A sentimental piano evokes earlier times....
The upright piano used in the 1942 movie classic "Casablanca" was sold at auction last Friday. A decent upright goes for less than $10,000 today; a top one, perhaps $20,000. So, why the $602,500 price?
Sentiment? Surely. But for what?
For a time when America was culturally confident, aware of an epic struggle with supreme evil: Nazism. Then in the Cold War America vanquished the equal genocidal evil of Soviet Communism. Today we face a another comparable evil: revolutionary, atavist, genocidal Islamism.
Yet we lack the cultural confidence of bygone times. We obsess about offending votaries of Islam, no matter how extreme, as if we are somehow at fault when Islamists commit violent acts. And for those of us who remember Bogie's Rick Blaine fondly, this matters. Rick, cynical, embittered, carrying a torch for a lost lover, was sitting out the world war between good & evil. Then, in the nick of time, in crisis, he chose courageously and rightly. Today we are not so sure that we will make the same choice.
But let LFTC depart 2012 on a bright note, from a time when a culturally confident America celebrated artistic greatness (and not the mostly vapid celebrity performers of today's mostly debased artistic scene):
Herewith an epic musical event, a 1951 concert by legendary pianist Vladimir Horowitz broadcast live over WQXR in New York City; the second-half recording (52:43) has been posted online. It features Modest Moussorgsky's Pictures at an Exhibition, plus four encores. The first three are a Domenico Scarlatti E-Major Sonata, Robert Schumann's Traumerei (a Horowitz favorite) & Moritz Moskowski's Sparks, a/k/a Etincelles ("sparks" in French). The final encore is Horowitz's immortal 1945 arrangement of The Stars and Stripes Forever, in which he sustains four singing voices spread over 85 notes, virtually the entire piano 88-key span.

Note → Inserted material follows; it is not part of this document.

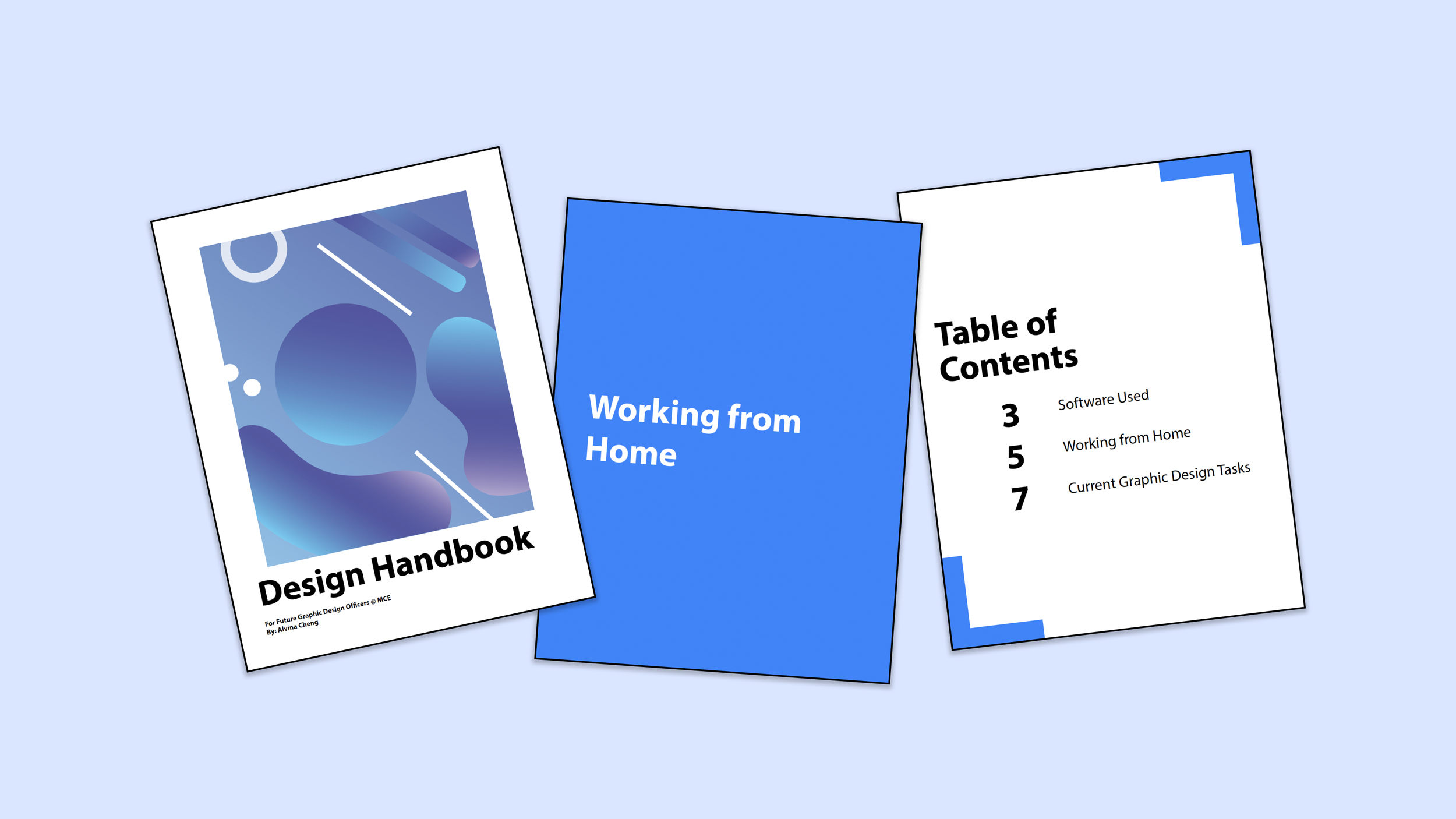 To keep it consistent, the handbook's cover design was made to match the request form that I made. Next, the designs were relatively plain to ensure legibility of the text. Additionally, other designs were added in vibrant colours to captivate the reader's attention.

Bottom Line. Let us sing once more: "It's still the same old story, a fight for love and glory, a case of do or die...." And let us try, in the coming year, to chose courageously and wisely. And let us celebrate the best in our culture, and thereby begin to reacquire the long-lost, much-missed cultural confidence that is a necessary predicate for American restoration.
Wishing all LFTC readers the very best in the New Year 2013. LFTC will return in the second week of January.